Orchestra in Peoria, Illinois

The Peoria Symphony Orchestra is an American orchestra based in Peoria, Illinois conducted by George Stelluto. It is the fourteenth oldest orchestra in the United States.

== History ==
Founded in 1897 as Bradley University's Bradley Symphony Orchestra, Harold Plowe was the first conductor.

On December 5, 1916, the orchestra was incorporated as the Peoria Symphony Orchestra.

After Plowe retired in 1927, the next fifty years saw almost a dozen conductors lead the orchestra. In 1978, William Wilsen became Musical Director and led the group until 1999. Wilsen developed the orchestra's quality and repertoire, took it on tour to its sister city, Friedrichshafen, Germany, and led the PSO's celebration of its 100th year. Conductor David Commanday was named Music Director in Spring of 1999. During his tenure the orchestra was praised for its quality and imaginative programs:"The Peoria Symphony Orchestra’s evolution under the baton of music director David Commanday has been fascinating to watch. Orchestra members aren’t just showing up for another gig. There’s a real joy in their playing, a certain esprit d/corps. And the repertoire is getting more varied and more playful with every season. The concerts – dare I say it? – actually are fun to attend” (Gary Panetta, Peoria Journal Star, 3/31/03).Commanday's leadership of the orchestra concluded at the end of the 2008–2009 season, marking a decade in which the institution had roughly doubled its endowment. Commanday left the Peoria Symphony Orchestra to found a new venture, the Heartland Festival Orchestra.

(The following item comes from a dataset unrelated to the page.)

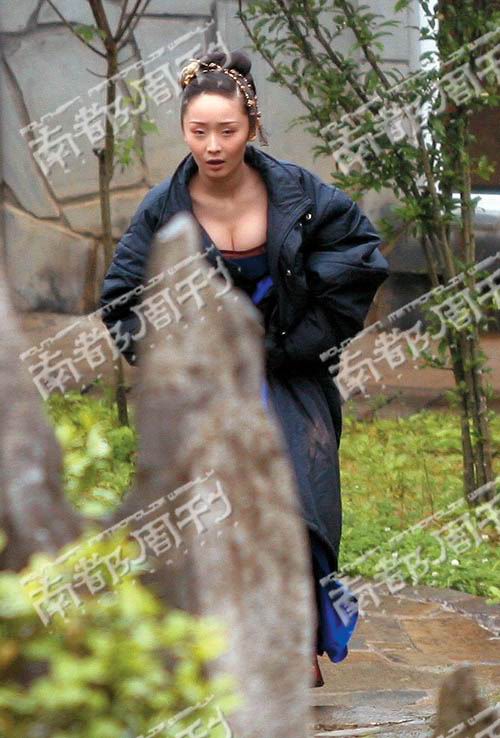 扮演陈瑾的女儿,李曼似乎和陈瑾的交流并不多,反倒和贾二格外亲热,两人有说有笑,一到拍工作照两人更是亲密地搂着肩,似乎剧里倒多了点情节——贾二成了李曼的父亲。传说中的黑衣女侠陈瑾在驿站露面的时候竟然穿了件金色的衣服,差点让人误以为是皇后巩俐的替身。这也难怪,大白天穿件夜行衣,那不立马暴露自己身份了?陈瑾非常敬业,每次上戏之前还会仔细检查自己的戏服有没弄好,鞋带有没系好。然后才提着裙子小心翼翼走到场地中和倪大洪对戏。他俩的对白特别多,陈瑾不时还有些面带怒色,似乎在斥责什么。

George Stelluto became the music director on September 18, 2010.

During the COVID-19 pandemic, the orchestra's 123rd year was challenged with restrictions to live audiences. The orchestra performed a telecast on the local PBS station, WTVP. Other concerts had a limited audience of 100, with an option to live-stream. This initiative was called "#PSOAtHome", which offered access to recorded concerts and educational materials.

== Performances ==
The orchestra performs at the Peoria Civic Center. Featured soloists include: Emanuel Ax, Joshua Bell, Evelyn Glennie, Hilary Hahn, Sharon Isbin, Yo-Yo Ma, and Itzhak Perlman.

The orchestra also performs in classrooms, hospitals, and senior living centers, for audiences who may not otherwise be able to attend. Nearly 4,000 students attend concerts at low or no cost.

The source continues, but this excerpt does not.